The PRESIDENT again counselled the Raad not to consent to the publication of Mr. Meyer's proposal. He did not want it put to the country. This business had been repeated from year to year until he was tired of it. And why should they worry and weary the burghers once more by asking them to decide upon Mr. Meyer's motion? There was no need for it. There was no uncertainty about it. The burghers knew their minds, and their will, which was supreme, was known. The way was open for aliens to become burghers; let them follow that road and not try to jump over the wall. They had the privilege of voting for the Second Raad if they became naturalized, and could vote for officials, and that was more than they could do in the Cape Colony. In the Colony they could not vote for a President or any official. They were all appointed. They could only vote for Raad members there. And why should they want more power here all at once? What was the cause of all this commotion? What were they clamouring for? He knew. They wanted to get leave to vote for members of the First Raad, which had the independence of the country under its control. He had been told by these people that 'if you take us on the same van with you, we cannot overturn the van without hurting ourselves as well as you.' 'Ja,' that was true, 'maar,' the PRESIDENT continued, they could pull away the reins and drive the van along a different route.
Mr. JEPPE, again speaking, said there was one matter he must refer to. That was his Honour's remarks about the petitioners, calling them disobedient and unfaithful. The law compels no one to naturalize himself. How then could these petitioners have disobeyed it? Of course we should prefer them to naturalize. But can we be surprised if they hesitate to do so? Mr. Loveday has told you what naturalization means to them.
The PRESIDENT agreed that these people were not obliged by law to naturalize, but if they wanted burgher rights they should do so, when they would get the franchise for the Second Raad; and upon their being naturalized let them come nicely to the Raad and the Raad would have something to go to the country with, and they would receive fair treatment; but, if they refused naturalization and rejected the Transvaal laws, could they expect the franchise?

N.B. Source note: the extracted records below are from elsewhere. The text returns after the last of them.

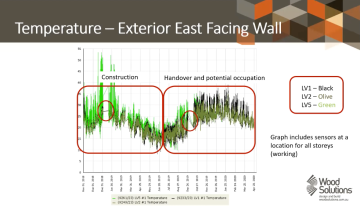 The research objectives were to obtain real data on the temperature, relative humidity, moisture content of timber and the vertical displacement per storey. The research was successful in obtaining 18 months of data, and this presentation will provide this update.
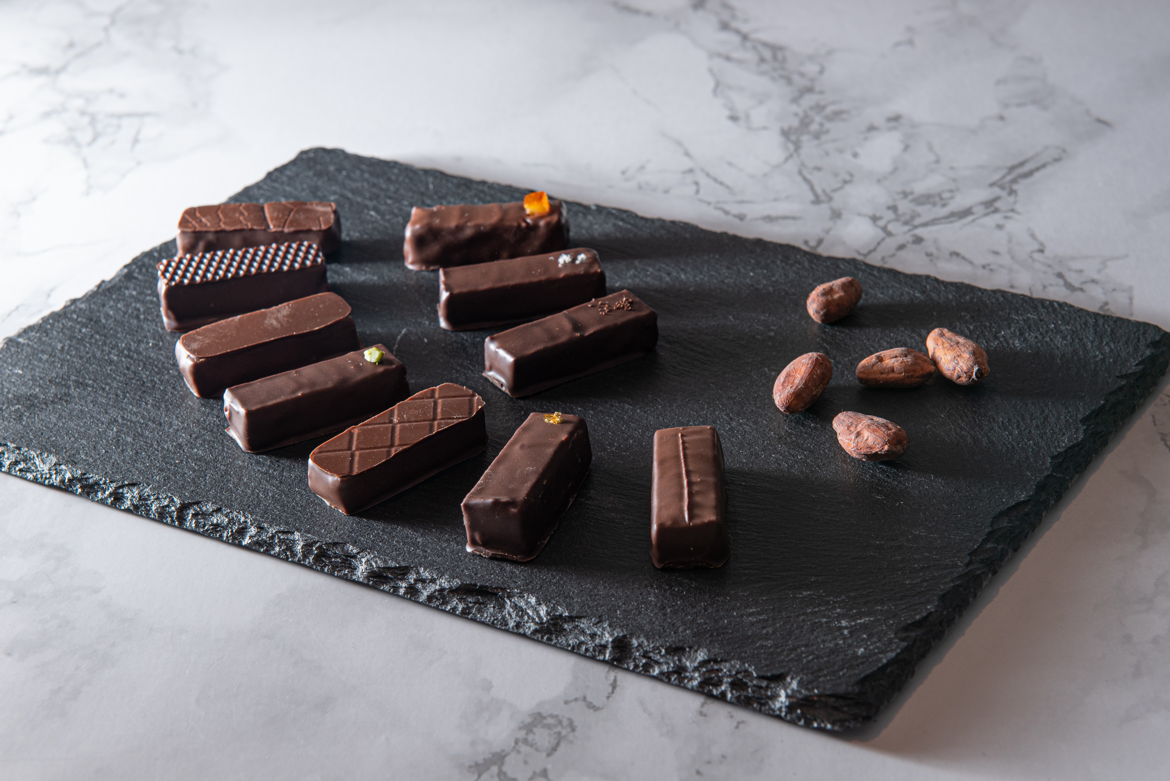 Chocolaterie4の”ボンボンショコラ”は、チョコレートと素材の掛け合わせによる香りや味の変化をお楽しみいただけるよう、何度も試作を重ね完成した、当店のこだわりが詰まったチョコレートスイーツです。チョコレート職人が厳選した素材を活かした10種類のフレーバーをご用意しております。10種類のボンボンショコラは、1種類の素材を存分に楽しめるショコラだけではなく、2種類以上の素材を使用し、チョコレートと各素材同士が起こすマリアージュや変化をお楽しみいただけるショコラも展開しております。
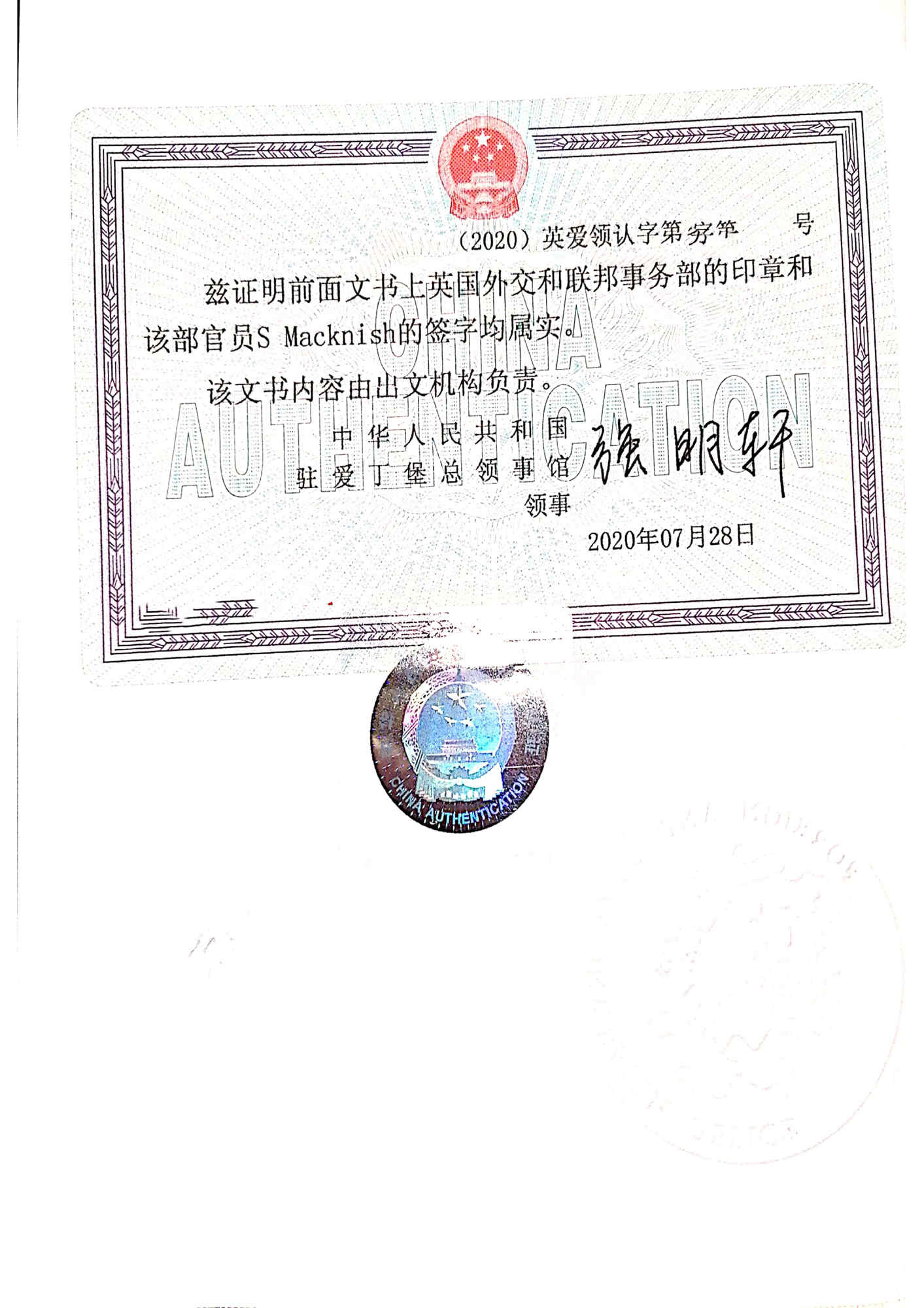 3、最后把文件送往中國駐英國使館辦理使館認證
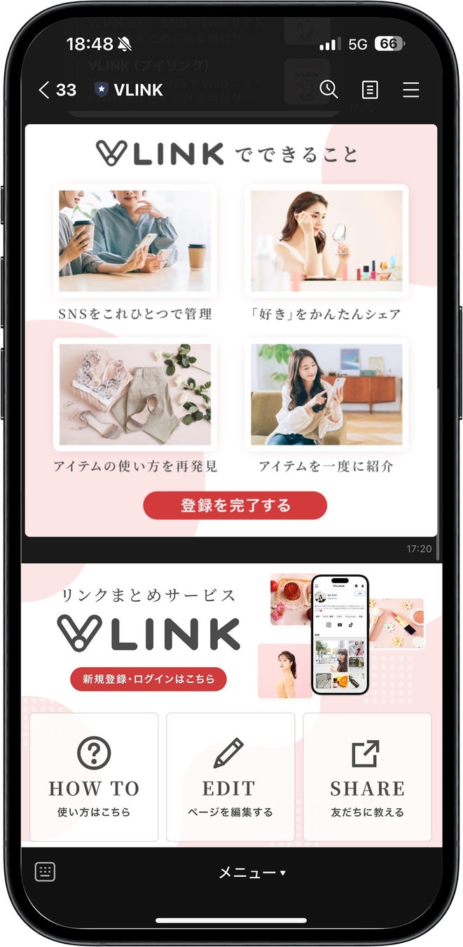 VLINK公式LINEアカウントからかんたんログイン・編集が可能!

No. Let Mr. Jeppe go back and give his people good advice, and if they were obedient to the law and became naturalized they would not regret it; but he could not expect his people to be made full burghers if they were disobedient and refused naturalization. Let them do as he advised, and he (the President) would stand by them and support them.
Mr. JEPPE said: His Honour has again asked me to advise the people of Johannesburg what to do regarding the extension of the franchise. He says they must first naturalize and then come again. Then he holds out hopes that their wishes will be met. Why then does he not support Mr. Meyer's proposal, which affects naturalized people only? What is it I am to advise the people of Johannesburg? I have had many suggestions from different members. You, Mr. Chairman, seem to support the hundred men from Lydenburg who suggest ten years' residence as a qualification. Mr. Jan Meyer suggests that those who came early to the goldfields should memorialize separately, and he would support them. Others say that only those who are naturalized should petition, and that if a few hundreds petitioned instead of 35,000, their reception would be different. Well, we have had one petition here wherein all these conditions were complied with. It was not signed by anyone who had not been here ten years, or who is not naturalized, or who could at all be suspected of being unfaithful, nor could any exception be taken to it on the ground of numbers, since it was signed by one man only, Mr. Justice Morice, and yet it was rejected. Gentlemen, I am anxiously groping for the light; but what, in the face of this, am I to advise my people?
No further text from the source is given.